Cohen C Sarah, Saito Yasunori, Weissman Irving L
Department of Developmental Biology and Hopkins Marine Station, Stanford University, Stanford, California, 94305.
Shimoda Marine Research Station, University of Tsukuba, 5-10-1 Shimoda, Shizuoka 415, Japan.
Evolution. 1998 Jun;52(3):746-756. doi: 10.1111/j.1558-5646.1998.tb03699.x.

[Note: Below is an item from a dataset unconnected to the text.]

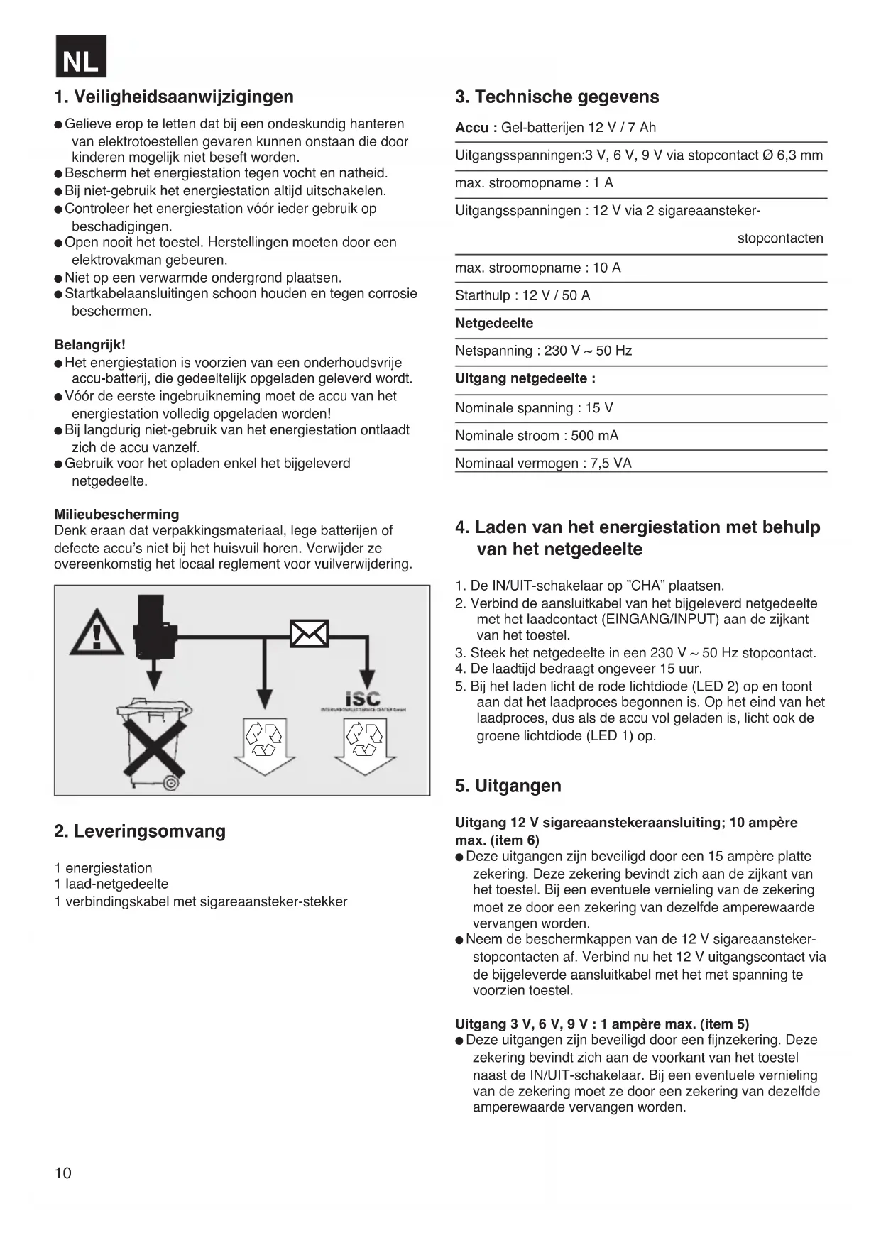 Gelieve erop te letten dat bij een ondeskundig hanteren van elektrotoestellen gevaren kunnen onstaan die door kinderen mogelijk niet beseft worden. Bescherm het energiestation tegen vocht en natheid. Bij niet-gebruik het energiestation altijd uitschakelen. Controleer het energiestation vóór ieder gebruik op beschadigingen. Open nooit het toestel. Herstellingen moeten door een elektrovakman gebeuren. Niet op een verwarmde ondergrond plaatsen. Startkabelaansluitingen schoon houden en tegen corrosiebeschermen.Belangrijk! Het energiestation is voorzien van een onderhoudsvrije accu-batterij, die gedeeltelijk opgeladen geleverd wordt. Vóór de eerste ingebruikneming moet de accu van het energiestation volledig opgeladen worden! Bij langdurig niet-gebruik van het energiestation ontlaadt zich de accu vanzelf. Gebruik voor het opladen enkel het bijgeleverd netgedeelte.MilieubeschermingDenk eraan dat verpakkingsmateriaal, lege batterijen ofdefecte accu’s niet bij het huisvuil horen. Verwijder zeovereenkomstig het locaal reglement voor vuilverwijdering.

Despite the functional and phyletic ubiquity of highly polymorphic genetic recognition systems, the evolution and maintenance of these remarkable loci remain an empirical and theoretical puzzle. Many clonal invertebrates use polymorphic genetic recognition systems to discriminate kin from unrelated individuals during behavioral interactions that mediate competition for space. Space competition may have been a selective force promoting the evolution of highly polymorphic recognition systems, or preexisting polymorphic loci may have been coopted for the purpose of mediating space competition. Ascidian species in the family Botryllidae have an allorecognition system in which fusion or rejection between neighboring colonies is controlled by allele-sharing at a single, highly polymorphic locus. The behavioral sequence involved in allorecognition varies in a species-specific fashion with some species requiring extensive intercolony tissue integration prior to the allorecognition response, while other species contact opposing colonies at only a few points on the outer surface before resolving space conflicts. Due to an apparent species-specific continuum of behavioral variation in the degree of intercolony tissue integration required for allorecognition, this system lends itself to a phylogenetic analysis of the evolution of an allorecognition system. We constructed a molecular phylogeny of the botryllids based on 18S rDNA sequence and mapped allorecognition behavioral variation onto the phylogeny. Our phylogeny shows the basal allorecognition condition for the group is the most internal form of the recognition reaction. More derived species show progressively more external allorecognition responses, and in some cases loss of some features of internal function. We suggest that external allorecognition appears to be a secondary function of a polymorphic discriminatory system that was already in place due to other selective pressures such as gamete, pathogen, or developmental cell lineage recognition.
尽管高度多态的基因识别系统在功能和系统发育上普遍存在,但这些非凡基因座的进化和维持仍然是一个经验和理论上的谜题。许多无性繁殖的无脊椎动物在介导空间竞争的行为相互作用中,利用多态基因识别系统来区分亲属和非亲属个体。空间竞争可能是推动高度多态识别系统进化的一种选择力量,或者预先存在的多态基因座可能已被用于介导空间竞争。葡萄海鞘科的海鞘物种具有一种异体识别系统,其中相邻群体之间的融合或排斥由单个高度多态基因座上的等位基因共享控制。异体识别所涉及的行为序列因物种而异,有些物种在异体识别反应之前需要广泛的群体间组织整合,而其他物种在解决空间冲突之前仅在外表面的几个点接触对立群体。由于异体识别所需的群体间组织整合程度在行为变异上存在明显的物种特异性连续体,这个系统适合对异体识别系统的进化进行系统发育分析。我们基于18S rDNA序列构建了葡萄海鞘科的分子系统发育树,并将异体识别行为变异映射到该系统发育树上。我们的系统发育树显示该群体的基础异体识别条件是识别反应的最内在形式。更多进化的物种表现出逐渐更外在的异体识别反应,在某些情况下还失去了一些内在功能的特征。我们认为,外在异体识别似乎是一个多态性鉴别系统的次要功能,该系统由于其他选择压力(如配子、病原体或发育细胞谱系识别)已经存在。